[[ Data provided, beginning ]]

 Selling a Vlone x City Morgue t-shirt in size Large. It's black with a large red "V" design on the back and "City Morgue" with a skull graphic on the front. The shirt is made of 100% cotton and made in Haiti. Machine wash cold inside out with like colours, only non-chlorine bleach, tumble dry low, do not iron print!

[[ Data provided, end ]]
[[ Data provided, beginning ]]

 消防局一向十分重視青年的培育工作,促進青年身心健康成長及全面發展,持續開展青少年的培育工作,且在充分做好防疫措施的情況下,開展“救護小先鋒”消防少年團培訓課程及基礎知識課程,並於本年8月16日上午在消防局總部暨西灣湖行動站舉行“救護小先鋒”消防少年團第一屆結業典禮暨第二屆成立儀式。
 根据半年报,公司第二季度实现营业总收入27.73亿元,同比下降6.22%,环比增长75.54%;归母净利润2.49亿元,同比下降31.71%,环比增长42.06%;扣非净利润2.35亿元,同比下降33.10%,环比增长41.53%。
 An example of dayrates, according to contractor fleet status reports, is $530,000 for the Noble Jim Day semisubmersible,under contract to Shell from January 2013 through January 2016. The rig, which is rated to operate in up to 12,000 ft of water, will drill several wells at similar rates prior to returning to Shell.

[[ Data provided, end ]]

> _Task_: Your answer must be the lines above from the one containing "消防局一向十分重視青年的培育" to the one containing "An example of", both included, restated word for word.

> _Written solution_:
 消防局一向十分重視青年的培育工作,促進青年身心健康成長及全面發展,持續開展青少年的培育工作,且在充分做好防疫措施的情況下,開展“救護小先鋒”消防少年團培訓課程及基礎知識課程,並於本年8月16日上午在消防局總部暨西灣湖行動站舉行“救護小先鋒”消防少年團第一屆結業典禮暨第二屆成立儀式。
 根据半年报,公司第二季度实现营业总收入27.73亿元,同比下降6.22%,环比增长75.54%;归母净利润2.49亿元,同比下降31.71%,环比增长42.06%;扣非净利润2.35亿元,同比下降33.10%,环比增长41.53%。
 An example of dayrates, according to contractor fleet status reports, is $530,000 for the Noble Jim Day semisubmersible,under contract to Shell from January 2013 through January 2016. The rig, which is rated to operate in up to 12,000 ft of water, will drill several wells at similar rates prior to returning to Shell.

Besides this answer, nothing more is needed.